De todos os visuais bizarros que a produção de Piratas estava fazendo - e Deus sabe que eram muitos – talvez um dos mais estranhos tenha sido o lançamento de cerca de 175.000 bolas azuis de plástico leve de duas redes instaladas em cima do hangar 9 em Palmdale, por sobre o convés do Pérola Negra, que por sua vez estava montado sobre uma plataforma flutuante. A verdade é que elas só pareciam bolas azuis, mas eram, na verdade, milhares de irrequietos siris. Ou, pelo menos, deveriam ser quando John Knoll e a ILM finalizassem a cena. Knoll explica: “Tem uma cena importante durante a seqüência do redemoinho que envolve centenas de crustáceos que caem por todo o convés do Pérola Negra e derrubam todos que estão no caminho como uma avalanche. Gore teve a idéia de usar bolas azuis de plástico, como as que são encontradas nas piscinas de bolas dos parques infantis. Ele achou que as bolas derrubariam todos sem, de fato, machucar ninguém porque elas são muito leves. “Eu estava inclinado a tentar conseguir esse efeito com dublês digitais”, continua Knoll: “e talvez usar um tipo de cabeamento para mostrar os piratas sendo derrubados.” Gore sempre sugere tentarmos usar elementos práticos nos cenários, tentarmos captar o máximo possível com a câmera e usarmos efeitos visuais onde de fato for necessário. “Os próprios siris são modelos gerados por computação. Nós construímos uma versão detalhada do siri e depois diversas variações sobre o mesmo tema.”
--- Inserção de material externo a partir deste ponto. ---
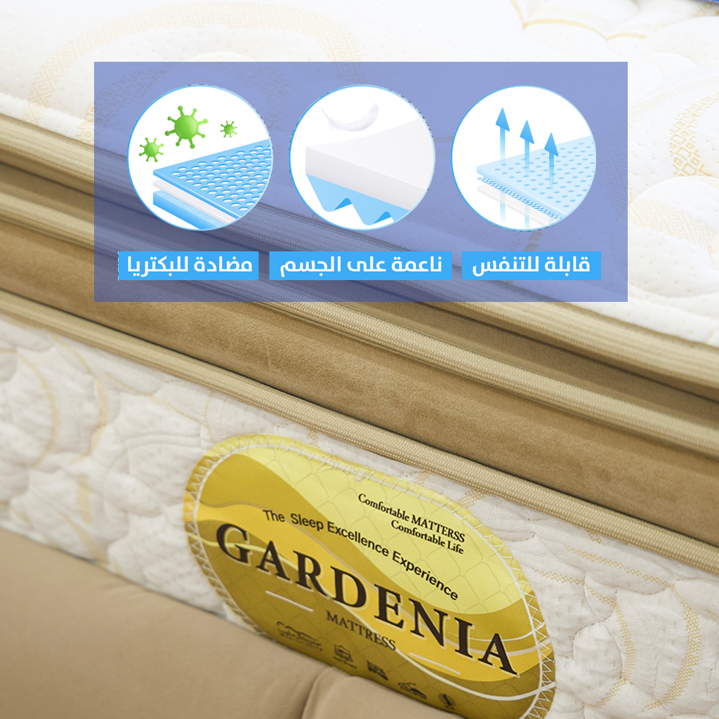 السعر يشمل ضريبة القيمة المضافةنوم فخم مع مرتبة نوم جاردينيا، تجمع بين قماش معالج وطبقة لاتكس صناعي وPocket Spring لدعم العمود الفقري وتحمل الأوزان العالية

Quando as bolas caem da rede sobre o barco, o nível de maturidade de alguns membros da equipe parecia ter caído para uns cinco ou seis anos de idade, enquanto brincavam alegremente de jogar bolas uns nos outros em todas as direções no Pérola Negra. Gore Verbinski talvez tenha sido o mais empolgado de todos. E considerando que estávamos no exaustante dia 252 das filmagens, é compreensível que cerca de 300 caixas de bolas azuis causassem uma instantânea melhora no astral. “Foi incrível ver um bando de adultos - homens e mulheres - agindo como crianças de três anos”, diz rindo o coordenador de cenas de ação, George Marshall Ruge. “Sabe, ver Orlando Bloom atirar uma bola azul em Geoffrey Rush… foi algo único. Foi tipo, já não está na hora de os pais pegarem seus filhos?”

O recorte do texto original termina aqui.